The further ratcheting up of hostilities between Washington and Tehran caused some negative trade in US indices ahead of the opening bell with all the benchmarks trading lower by between 0.5-0.7%. However, these losses have been recouped with the US500 tagging Friday closing price of 3234 in recent trade. . In fact, with the VOLX trading with a 15 handle you could say there’s not too much fear around in the markets at present - certainly not as much as some of the more dramatic headlines are suggesting. This could obviously change very quickly and complacency should be warned against, but unless there’s a move back up to the 17 handle in the VOLX then the downside risk for indices appears to be not too great.

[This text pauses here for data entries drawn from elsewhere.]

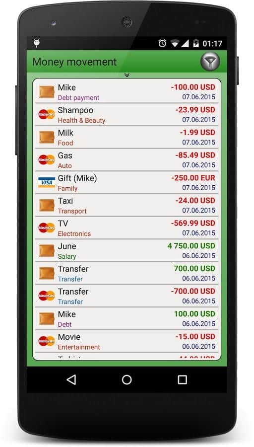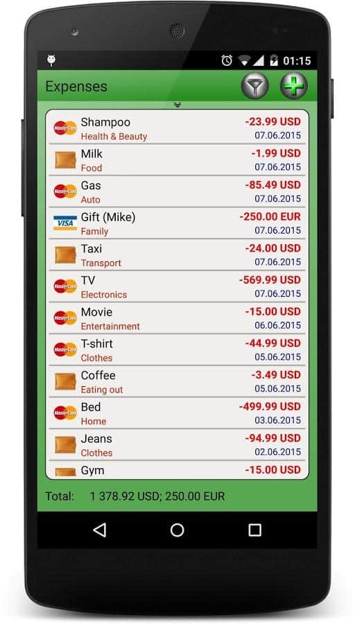 Administrador de Finanzas - Mantén un seguimiento de tus finanzas y contrólalas con la ayuda de esta simple app. La interfaz fácil de usar y la división en categorías te ayudarán a navegar por tus finanzas, incluso se te mostrará cómo estás pagando, con tarjeta o en efectivo. Los detalles exactos de cada operación financiera, y el cálculo automático y la planificación de gastos y beneficios para el futuro te ayudarán a gestionar las finanzas en general.
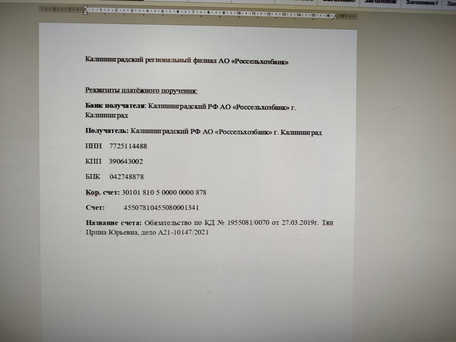 Претендент (Заявитель) обязан указать в платежном документе в графе «назначение платежа» - «Задаток за участие в торгах № ___ (указать номер торгов) по лоту № ____ (указать номер лота) по продаже имущества (указать наименование и должника)».
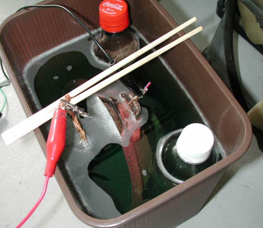 泡が無くなったら銅メッキ完了。電解液の色が緑色っぽいが、これはサンポールの色と銅イオンの色が混ざったためだ。
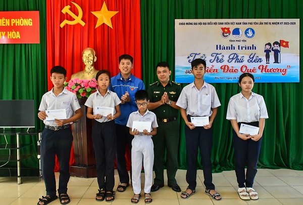 Đoàn trao tặng quà cho học sinh, con em ngư dân có hoàn cảnh khó khăn, thân nhân, gia đình cán bộ, chiến sỹ đang công tác nơi hải đảo.
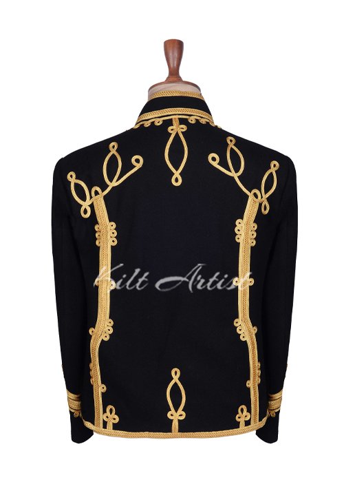 Pair it with tailored trousers and boots for a polished military-inspired ensemble, or style it over a shirt or knitwear for a refined modern look. The Black Wool Military Gold Braided Doublet Jacket is more than just outerwear—it is a symbol of strength, leadership, and timeless style.

Overall the final services PMI readings from the Eurozone are pleasing with a Euro-area wide print for December coming in at 52.8 vs 52.4 expected (prior reading was 52.4). While this may not seem too impressive by historical standards it does mark the 3rd consecutive month in which this metric has topped estimates and also means that the composite PMIs are showing some encouraging signs after sustained weakness since the start of 2018.
Having said that, the data does mean that according to these surveys the final quarter of last year was the worst since 2013 - when the bloc was in the midst of the debt crisis! The readings are also commensurate with a GDP growth figure of just 0.1% and show that economic activity in the Euro area has pretty much flat-lined.